Private sector support for state schools – will it work?

Private schools and universities will be pushed into sponsoring schools to haul up standards in the state sector, despite an analysis of their current involvement revealing a chequered history.

A key proposal in the green paper, Schools That Work for Everyone, is the provision of incentives for private schools and universities to either set up or sponsor a state school, so they can spread their “expertise through the system”.

Many already sponsor state schools, but a Schools Week analysis of their improvement records challenges the government’s assertion that the institutions boost standards.

Woodard schools, the largest group of Church of England private schools in the country, sponsors the Woodard academies trust, which runs five state schools.

But in government performance tables, released in July, it was one of the country’s lowest-performing trusts at secondary level.

Dulwich College, an independent school in south London, pulled out of sponsoring an academy in 2013, claiming its staff were not equipped to help pupils at a state school.

And Schools Week revealed last year that 110 private schools had been handed improvement notices in a 16-month period.

Previously unpublished improvement notices included the Royal Ballet School, in London, and Hill House, also in London.

University involvement in schools has also failed to make an impact in several cases.

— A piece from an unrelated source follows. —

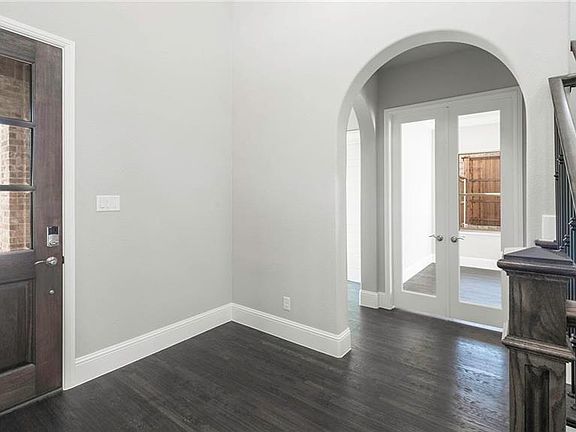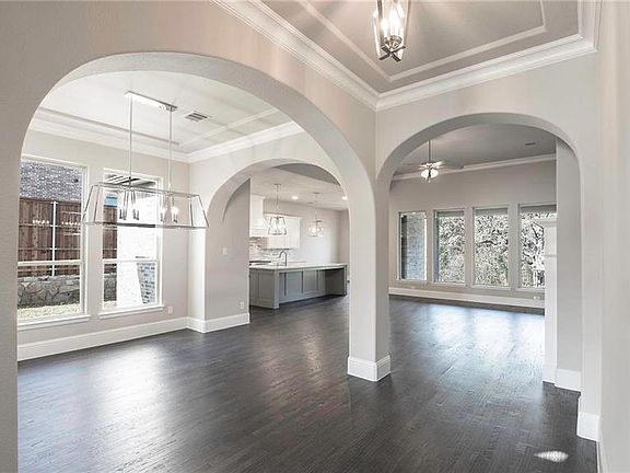 Study with French doors. Extended entry leads to formal dining room. Family room features a fireplace and a wall of windows. Kitchen with hardwood floor features an island with built-in seating space and a walk-in pantry. Morning area with a wall of windows. Private master suite. Double door entry to the master bath with garden tub, separate glass-enclosed shower, and a walk-in closet. Upstairs game room. Extended covered backyard patio. Three-car garage. This home backs to a wooded area!

Schools Week revealed in March last year how universities had withdrawn their sponsorship from at least four academies amid government concerns over the schools’ management.

Many universities have also partnered with university technical colleges (UTCs), but a blog published by research group Education Datalab on Monday revealed UTCs have some of the poorest progress scores of any school type.

The data, compiled from the group’s internal Progress 8 measures, shows 65 per cent of UTCs would fall under the government’s 2016 minimum standards. That compares with just 10 per cent of state schools overall.

Following announcement of the proposals, organisations representing private schools and universities stressed their members already worked closely with schools.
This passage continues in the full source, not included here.